A new era in medical intervention is on the horizon, enabled by revolutionary advances in genetics and genomics. The Human Genome Project has changed our approach to biology and medicine. As the power of the genome sequence became evident, technologies have also rapidly advanced, allowing acquiring sequence data from individuals at a phenomenal pace and increasingly lower costs. Massively parallel sequencing (also known as next-generation, or NextGen, sequencing) has ushered in the era of genomic and genetic medicine. Now, equipped with the patient's genome sequence, scientists can diagnose genetic disease, identify future disease risk, home in on disease modifiers, and predict drug responses.

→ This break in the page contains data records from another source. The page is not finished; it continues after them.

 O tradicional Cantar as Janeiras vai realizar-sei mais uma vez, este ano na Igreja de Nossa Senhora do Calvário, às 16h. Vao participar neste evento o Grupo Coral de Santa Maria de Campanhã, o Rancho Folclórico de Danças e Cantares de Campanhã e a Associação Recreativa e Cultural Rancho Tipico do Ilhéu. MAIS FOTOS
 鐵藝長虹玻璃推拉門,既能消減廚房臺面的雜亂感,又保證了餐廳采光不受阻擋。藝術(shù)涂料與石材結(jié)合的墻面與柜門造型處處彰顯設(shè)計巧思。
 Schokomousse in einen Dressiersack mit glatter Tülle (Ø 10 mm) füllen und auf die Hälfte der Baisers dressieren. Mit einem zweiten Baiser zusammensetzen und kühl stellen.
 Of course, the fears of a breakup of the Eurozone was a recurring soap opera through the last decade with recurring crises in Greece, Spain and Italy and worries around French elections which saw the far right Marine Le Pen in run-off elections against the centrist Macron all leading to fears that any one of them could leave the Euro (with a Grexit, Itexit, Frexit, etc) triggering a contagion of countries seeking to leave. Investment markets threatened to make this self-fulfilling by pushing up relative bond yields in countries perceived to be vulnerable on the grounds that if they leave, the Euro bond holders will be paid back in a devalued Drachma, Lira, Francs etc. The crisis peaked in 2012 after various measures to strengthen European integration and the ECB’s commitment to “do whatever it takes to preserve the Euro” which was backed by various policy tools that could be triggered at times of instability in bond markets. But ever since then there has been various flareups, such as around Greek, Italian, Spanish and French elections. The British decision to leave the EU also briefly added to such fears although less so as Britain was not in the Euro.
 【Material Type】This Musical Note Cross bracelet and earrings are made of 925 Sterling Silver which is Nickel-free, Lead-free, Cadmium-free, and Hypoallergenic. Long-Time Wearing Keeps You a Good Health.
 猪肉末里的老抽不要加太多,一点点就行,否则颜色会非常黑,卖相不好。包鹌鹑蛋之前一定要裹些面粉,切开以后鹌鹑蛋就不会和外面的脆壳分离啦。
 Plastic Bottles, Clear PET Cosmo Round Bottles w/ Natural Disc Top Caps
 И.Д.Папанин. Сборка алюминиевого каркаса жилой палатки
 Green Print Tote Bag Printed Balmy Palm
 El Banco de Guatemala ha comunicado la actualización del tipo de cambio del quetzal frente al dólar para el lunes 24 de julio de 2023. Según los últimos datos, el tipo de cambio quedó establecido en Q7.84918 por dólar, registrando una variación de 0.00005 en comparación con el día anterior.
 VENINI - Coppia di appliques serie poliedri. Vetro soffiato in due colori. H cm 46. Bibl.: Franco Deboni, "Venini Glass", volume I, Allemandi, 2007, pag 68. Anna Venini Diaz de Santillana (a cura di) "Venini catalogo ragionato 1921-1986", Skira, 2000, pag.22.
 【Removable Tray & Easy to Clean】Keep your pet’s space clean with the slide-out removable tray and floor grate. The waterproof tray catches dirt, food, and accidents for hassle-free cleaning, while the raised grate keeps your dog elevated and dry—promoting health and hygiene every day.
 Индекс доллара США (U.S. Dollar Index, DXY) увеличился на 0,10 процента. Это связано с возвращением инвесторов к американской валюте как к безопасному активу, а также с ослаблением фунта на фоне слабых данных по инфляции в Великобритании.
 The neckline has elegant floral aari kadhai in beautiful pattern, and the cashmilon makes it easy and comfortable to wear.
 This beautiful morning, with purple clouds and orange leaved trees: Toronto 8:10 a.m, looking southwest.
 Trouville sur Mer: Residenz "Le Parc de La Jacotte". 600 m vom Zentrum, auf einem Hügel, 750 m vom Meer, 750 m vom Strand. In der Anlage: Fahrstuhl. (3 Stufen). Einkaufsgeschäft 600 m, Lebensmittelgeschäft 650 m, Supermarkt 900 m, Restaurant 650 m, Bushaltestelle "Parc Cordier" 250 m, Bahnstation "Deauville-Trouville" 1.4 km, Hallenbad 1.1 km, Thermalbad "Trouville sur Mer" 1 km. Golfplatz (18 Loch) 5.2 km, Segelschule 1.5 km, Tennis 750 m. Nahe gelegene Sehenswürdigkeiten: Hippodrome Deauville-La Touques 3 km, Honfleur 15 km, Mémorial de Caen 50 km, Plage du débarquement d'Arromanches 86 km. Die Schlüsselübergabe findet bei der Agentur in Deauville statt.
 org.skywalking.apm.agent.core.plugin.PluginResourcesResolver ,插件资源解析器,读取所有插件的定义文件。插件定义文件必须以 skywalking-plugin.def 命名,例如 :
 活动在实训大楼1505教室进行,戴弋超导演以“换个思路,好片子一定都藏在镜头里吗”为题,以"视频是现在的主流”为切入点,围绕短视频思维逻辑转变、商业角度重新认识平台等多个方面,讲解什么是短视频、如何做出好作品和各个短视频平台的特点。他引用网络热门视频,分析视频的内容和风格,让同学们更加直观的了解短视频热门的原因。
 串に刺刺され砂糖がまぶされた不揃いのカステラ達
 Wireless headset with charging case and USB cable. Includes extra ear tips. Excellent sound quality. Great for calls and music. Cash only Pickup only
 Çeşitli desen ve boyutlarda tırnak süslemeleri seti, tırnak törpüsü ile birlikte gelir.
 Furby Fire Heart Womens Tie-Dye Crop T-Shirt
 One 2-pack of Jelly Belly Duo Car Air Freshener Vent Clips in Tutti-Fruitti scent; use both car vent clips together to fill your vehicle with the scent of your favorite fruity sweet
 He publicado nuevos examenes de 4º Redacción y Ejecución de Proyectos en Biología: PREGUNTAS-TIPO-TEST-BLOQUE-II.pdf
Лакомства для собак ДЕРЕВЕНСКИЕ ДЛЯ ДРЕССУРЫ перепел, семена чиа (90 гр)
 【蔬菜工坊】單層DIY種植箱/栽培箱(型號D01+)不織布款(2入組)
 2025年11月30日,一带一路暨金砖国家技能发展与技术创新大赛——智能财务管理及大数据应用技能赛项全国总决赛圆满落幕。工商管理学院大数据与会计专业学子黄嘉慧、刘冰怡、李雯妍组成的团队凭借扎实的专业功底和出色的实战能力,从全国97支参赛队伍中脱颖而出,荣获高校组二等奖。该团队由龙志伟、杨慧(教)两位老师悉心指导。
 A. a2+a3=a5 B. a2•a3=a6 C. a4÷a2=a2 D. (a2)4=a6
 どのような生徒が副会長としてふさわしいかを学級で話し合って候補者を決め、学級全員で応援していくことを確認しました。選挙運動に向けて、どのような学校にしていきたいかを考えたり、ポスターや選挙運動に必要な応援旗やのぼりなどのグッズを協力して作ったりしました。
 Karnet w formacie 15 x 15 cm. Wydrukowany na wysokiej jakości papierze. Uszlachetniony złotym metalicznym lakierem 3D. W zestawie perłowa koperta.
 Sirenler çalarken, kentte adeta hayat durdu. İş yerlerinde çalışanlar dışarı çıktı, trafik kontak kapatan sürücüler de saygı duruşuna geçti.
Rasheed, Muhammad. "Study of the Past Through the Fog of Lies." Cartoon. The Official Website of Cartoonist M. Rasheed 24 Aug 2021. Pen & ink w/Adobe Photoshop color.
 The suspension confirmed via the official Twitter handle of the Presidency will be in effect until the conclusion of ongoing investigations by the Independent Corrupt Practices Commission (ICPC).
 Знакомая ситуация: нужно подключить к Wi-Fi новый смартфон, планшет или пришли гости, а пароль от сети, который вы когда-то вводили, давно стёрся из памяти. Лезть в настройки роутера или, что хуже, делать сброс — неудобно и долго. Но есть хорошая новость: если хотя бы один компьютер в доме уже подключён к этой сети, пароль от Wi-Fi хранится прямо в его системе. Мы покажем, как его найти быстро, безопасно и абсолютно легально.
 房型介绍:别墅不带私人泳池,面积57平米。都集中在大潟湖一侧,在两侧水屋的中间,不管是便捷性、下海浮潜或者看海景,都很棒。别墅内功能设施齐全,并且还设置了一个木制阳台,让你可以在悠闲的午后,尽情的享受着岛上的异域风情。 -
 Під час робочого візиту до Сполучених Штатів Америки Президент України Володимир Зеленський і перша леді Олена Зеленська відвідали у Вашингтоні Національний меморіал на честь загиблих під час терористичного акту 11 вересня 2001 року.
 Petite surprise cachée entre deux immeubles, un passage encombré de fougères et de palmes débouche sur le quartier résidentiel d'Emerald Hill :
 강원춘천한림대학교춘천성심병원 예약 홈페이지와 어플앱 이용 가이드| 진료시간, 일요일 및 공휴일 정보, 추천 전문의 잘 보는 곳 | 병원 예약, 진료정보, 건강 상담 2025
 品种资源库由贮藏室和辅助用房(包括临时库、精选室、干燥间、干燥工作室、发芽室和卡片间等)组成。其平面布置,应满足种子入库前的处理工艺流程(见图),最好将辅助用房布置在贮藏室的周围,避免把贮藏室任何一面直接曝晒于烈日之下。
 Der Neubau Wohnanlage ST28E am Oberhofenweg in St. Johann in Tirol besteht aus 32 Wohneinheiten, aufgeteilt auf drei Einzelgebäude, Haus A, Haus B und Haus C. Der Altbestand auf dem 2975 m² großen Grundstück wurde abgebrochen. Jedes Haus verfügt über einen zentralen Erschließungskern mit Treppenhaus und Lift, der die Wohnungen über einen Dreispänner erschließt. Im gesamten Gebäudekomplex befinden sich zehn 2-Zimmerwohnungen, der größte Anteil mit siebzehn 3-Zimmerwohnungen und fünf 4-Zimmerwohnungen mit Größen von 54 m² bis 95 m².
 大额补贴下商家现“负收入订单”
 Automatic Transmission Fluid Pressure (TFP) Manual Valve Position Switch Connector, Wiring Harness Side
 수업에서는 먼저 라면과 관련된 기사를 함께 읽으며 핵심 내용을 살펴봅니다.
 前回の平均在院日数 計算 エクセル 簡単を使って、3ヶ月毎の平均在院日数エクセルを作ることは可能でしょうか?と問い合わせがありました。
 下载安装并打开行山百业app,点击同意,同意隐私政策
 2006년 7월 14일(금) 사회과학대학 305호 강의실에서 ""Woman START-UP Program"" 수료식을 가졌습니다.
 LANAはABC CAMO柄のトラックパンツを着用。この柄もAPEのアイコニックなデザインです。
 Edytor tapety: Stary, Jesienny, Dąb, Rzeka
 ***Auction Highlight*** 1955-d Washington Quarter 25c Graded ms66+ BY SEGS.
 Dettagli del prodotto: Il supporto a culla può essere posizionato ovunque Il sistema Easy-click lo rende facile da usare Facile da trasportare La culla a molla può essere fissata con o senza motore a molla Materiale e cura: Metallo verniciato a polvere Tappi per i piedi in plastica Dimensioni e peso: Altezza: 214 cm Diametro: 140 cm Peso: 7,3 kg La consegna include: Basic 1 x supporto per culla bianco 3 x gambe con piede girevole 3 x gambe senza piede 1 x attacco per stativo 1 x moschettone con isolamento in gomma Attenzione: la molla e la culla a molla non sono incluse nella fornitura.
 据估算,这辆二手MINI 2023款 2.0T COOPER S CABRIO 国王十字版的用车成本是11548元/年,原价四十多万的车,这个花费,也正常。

Researchers in the Department of Molecular Genetics have led the world to identify single genes that, when mutated, cause diseases such as cystic fibrosis, Duchenne muscular dystrophy, myotonic dystrophy, neurofibromatosis and retinoblastoma. Now, researchers elucidate the more complex genetic basis of many multi-gene major disabling and fatal diseases, including autism, muscular dystrophies, heart disease, stroke, diabetes, and several kinds of cancer. Identifying disease-association genes and their products will facilitate a better understanding of their function, as it paves the way towards effective diagnostics, therapeutics and preventative measures.
Identifying the gene is only one step towards understanding how it causes disease. Researchers in the focus area of Molecular Medicine and Human Genetics use cells and organisms as models for human disease to understand how gene mutations affect functions and find ways to ameliorate the clinical outcome. As the sequencing revolution changed our approach to science, a genetic revolution is underway with the discovery of RNA-guided nuclease systems such as CRISPR/Cas9, which allow for the engineering of any mutation to be created or corrected in virtually any cell or organism. Therefore, a genetic or genomic analysis of patient samples to study inherited diseases and susceptibility to disease is only the beginning, as new models to understand disease are developed and used to improve treatments.
Scientific approaches and disease areas overlap extensively with other Molecular Genetics research focus groups to form an interdisciplinary, cross-institution community at the forefront of science nationally and internationally.